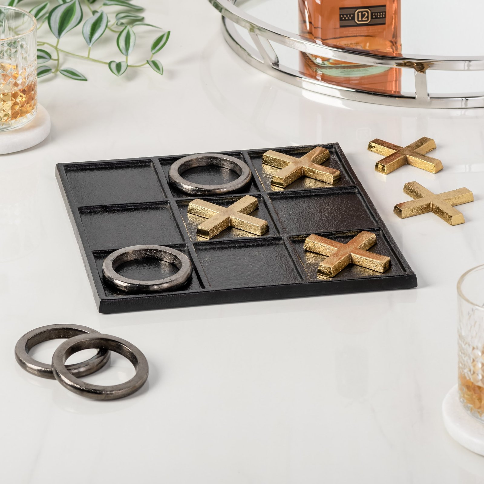 Tic Tac Toe 9×9″ Aluminum Decor Game – Black
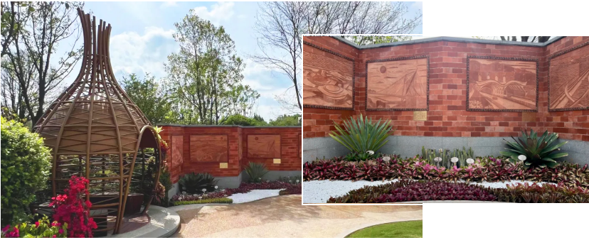 闽南建筑剪影式入口景墙以传统闽南红砖及石材为饰面材料,“渔篓”“渔笼”小品参照渔篓及蟹笼造型设计,运用钢管竹节烤漆型材,以现代手段再现海岛渔家风情。传统红色砖雕则采用现代工艺进行雕刻,雕绘福建省八个重点建设项目,展现近年来厦门城市建设与发展成就。
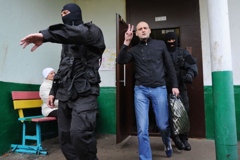 Udaltsov, a leader of the Left Front protest movement, which led demonstrations against Putin this winter, was put under house arrest on Wednesday along with fellow activists Konstantin Lebedev and Leonid Razvozjayev. All three are suspected of staging terrorist attacks in Russia, a crime which is punishable by more than 10 years in prison. “This is arbitrary repression,” Udaltsov told reporters as police officers in black uniforms and balaclavas escorted him outside of his apartment on Wednesday. “I hope society will not stay silent.”
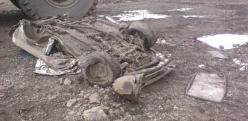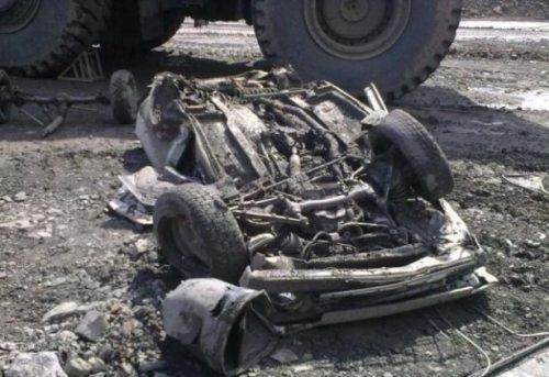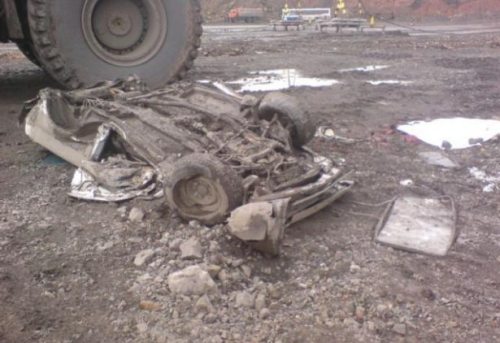 Печальное зрелище... Водителю "БЕЛАЗ" удалось превратить легковушку в лепешку.
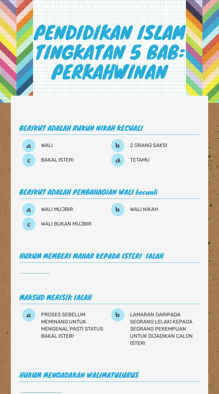 Pendidikan Islam Tingkatan 5 Bab Perkahwinan Interactive Worksheet By Ummul Aiman Wizer Me
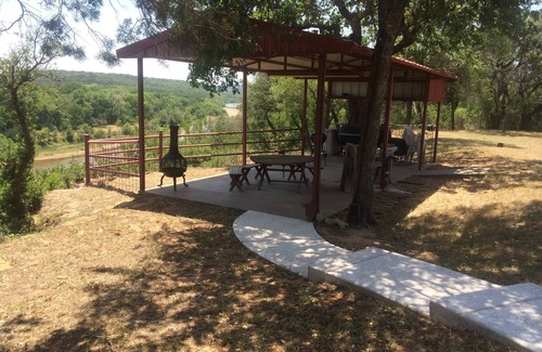 Pase un fin de semana o más en un acantilado sobre el río Brazos en el norte de Texas Hill Country del condado de Palo Pinto. Una escalera de piedra atraviesa rocas gigantes hacia el río y varios lugares de pesca, además de puntos de lanzamiento de kayak y canoa. Disfrute de una gran parrilla y vistas de la puesta de sol y el río desde un pabellón cubierto. Hay una piscina climatizada y una bañera de hidromasaje con vistas al río, entre antiguos robles vivos. También puede disfrutar de un pozo de herradura reglamentario y una cabina primitiva con capacidad para dos, ubicada en el pasto norte. A solo 90 minutos del norte de Dallas y a menos de una hora de Fort Worth, sentirás que estás a miles de kilómetros de distancia. Bienvenido a los Brazos de Dios.

* _EXERCISE AIM_
Set down all of the entries exactly. Leave the pictures out.

* _EXERCISE SOLUTION_
 Tic Tac Toe 9×9″ Aluminum Decor Game – Black
 闽南建筑剪影式入口景墙以传统闽南红砖及石材为饰面材料,“渔篓”“渔笼”小品参照渔篓及蟹笼造型设计,运用钢管竹节烤漆型材,以现代手段再现海岛渔家风情。传统红色砖雕则采用现代工艺进行雕刻,雕绘福建省八个重点建设项目,展现近年来厦门城市建设与发展成就。
 Udaltsov, a leader of the Left Front protest movement, which led demonstrations against Putin this winter, was put under house arrest on Wednesday along with fellow activists Konstantin Lebedev and Leonid Razvozjayev. All three are suspected of staging terrorist attacks in Russia, a crime which is punishable by more than 10 years in prison. “This is arbitrary repression,” Udaltsov told reporters as police officers in black uniforms and balaclavas escorted him outside of his apartment on Wednesday. “I hope society will not stay silent.”
 Печальное зрелище... Водителю "БЕЛАЗ" удалось превратить легковушку в лепешку.
 Pendidikan Islam Tingkatan 5 Bab Perkahwinan Interactive Worksheet By Ummul Aiman Wizer Me
 Pase un fin de semana o más en un acantilado sobre el río Brazos en el norte de Texas Hill Country del condado de Palo Pinto. Una escalera de piedra atraviesa rocas gigantes hacia el río y varios lugares de pesca, además de puntos de lanzamiento de kayak y canoa. Disfrute de una gran parrilla y vistas de la puesta de sol y el río desde un pabellón cubierto. Hay una piscina climatizada y una bañera de hidromasaje con vistas al río, entre antiguos robles vivos. También puede disfrutar de un pozo de herradura reglamentario y una cabina primitiva con capacidad para dos, ubicada en el pasto norte. A solo 90 minutos del norte de Dallas y a menos de una hora de Fort Worth, sentirás que estás a miles de kilómetros de distancia. Bienvenido a los Brazos de Dios.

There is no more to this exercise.